Channel 4 must be running scared that the Sheik will pull out of the sponsorship deal. I for one would in some ways much prefer the company to take a more robust stance & if it has to go it goes, but it would be very sad if terrestrial racing was lost.
Sadly it looks as if Godolphin has got the racing industry over a barrel; almost a blackmail situation.
As for editing, I was once filmed for a TV programme about women artists; they filmed 6 hours & the slot aired lasted about 5 minutes, I was very surprised what I ended up saying about my work!


----------



## FinalFurlong (17 May 2013)

And this is why I much prefer the good ole jumps racing  

None of this!
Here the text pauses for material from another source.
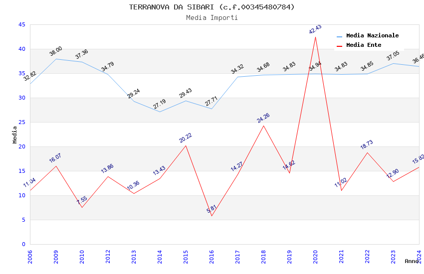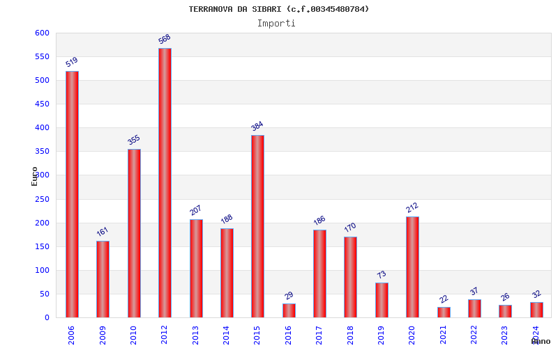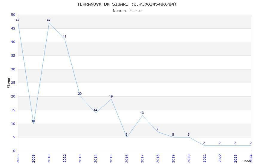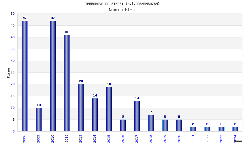 | Anno | Firme | Importi | Media | Naz. | Reg. | Prov. | Comu. |

Its just good old fashioned hard core WORK! From all areas, jockey, trainer, horse, whoever! 

Didn't like the way frankie said 'Oh usually im treated like royalty and they are tacked up for me, but now i have to tack it up' 

HE OR SHE!!!! NOT IT!!!!!! I can accept SOME owners who do not take so much personal interest in their horses saying 'it' or the average down the pub after the racing punter, but nobody else!


----------



## BigBuck's (17 May 2013)

FinalFurlong said:



			Didn't like the way frankie said 'Oh usually im treated like royalty and they are tacked up for me, but now i have to tack it up' 

HE OR SHE!!!! NOT IT!!!!!! I can accept SOME owners who do not take so much personal interest in their horses saying 'it' or the average down the pub after the racing punter, but nobody else!
		
Click to expand...

Oh for heavens' sake, there are plenty of reasons to be critical of Dettori over this issue, but criticising how he refers to an unspecified/abstract horse or horses _in his second language_ isn't one of them!


----------



## Honeylight (17 May 2013)

Second language could have something to do about it, but I've always sensed he was one of those jockeys who doesn't love horses. He doesn't respect them as he should with his "flying dismounts".


----------



## dressedkez (17 May 2013)

Honeylight said:



			Second language could have something to do about it, but I've always sensed he was one of those jockeys who doesn't love horses. He doesn't respect them as he should with his "flying dismounts".
		
Click to expand...

How many of them do really? If you ride some 200 - 300 horses a season, then they are just a conveyance. Those that care are the owners (usually / sometimes) the Trainer (usually / sometimes) and the lad / lass (nearly always/ but depending on the size of the yard, sometimes) The jockey is often the cog in the wheel. 
I love racehorses, I love racing, but I also recognise the great big machine it is - and it is only the very good horses that get the trainer / owner / jockey eulogising about them at the sametime (thanks to a media spotlight as well) 99% of horses in racing are just bread and butter for everyone concerned. Sad, but true.


----------



## Pale Rider (19 May 2013)

How Dettori feels about horses is probably about the same as lots of others in racing. Lots of respect while they are winning, but after? 
I've always found this egotistical man mildly amusing, but that's about it. This drugs problem he has, is just another reason I feel for the legalization of all drugs.
Whilst I'm totally opposed to performance enhancing drugs for animals and humans, this can be dealt with by sports bodies themselves. A few lifetime bans would sort it.
But social drug taking is another matter. Using the Criminal Justice System as we have for so many years, and spectacularly failed, despite huge cost, is flawed. The problem of drugs in society is a health issue, and that's where it can be effectively dealt with.


----------



## Judgemental (19 May 2013)

I think one has to be fair and weigh up the huge amount of enjoyment that Frankie has provided, to the racing public over many years. Both his overall charisma and undoubted ability to get the best performance out of a horse. Against one slight and isolated weakness. Coupled to the undoubted pressures that are created when placed at the top of the sport.


----------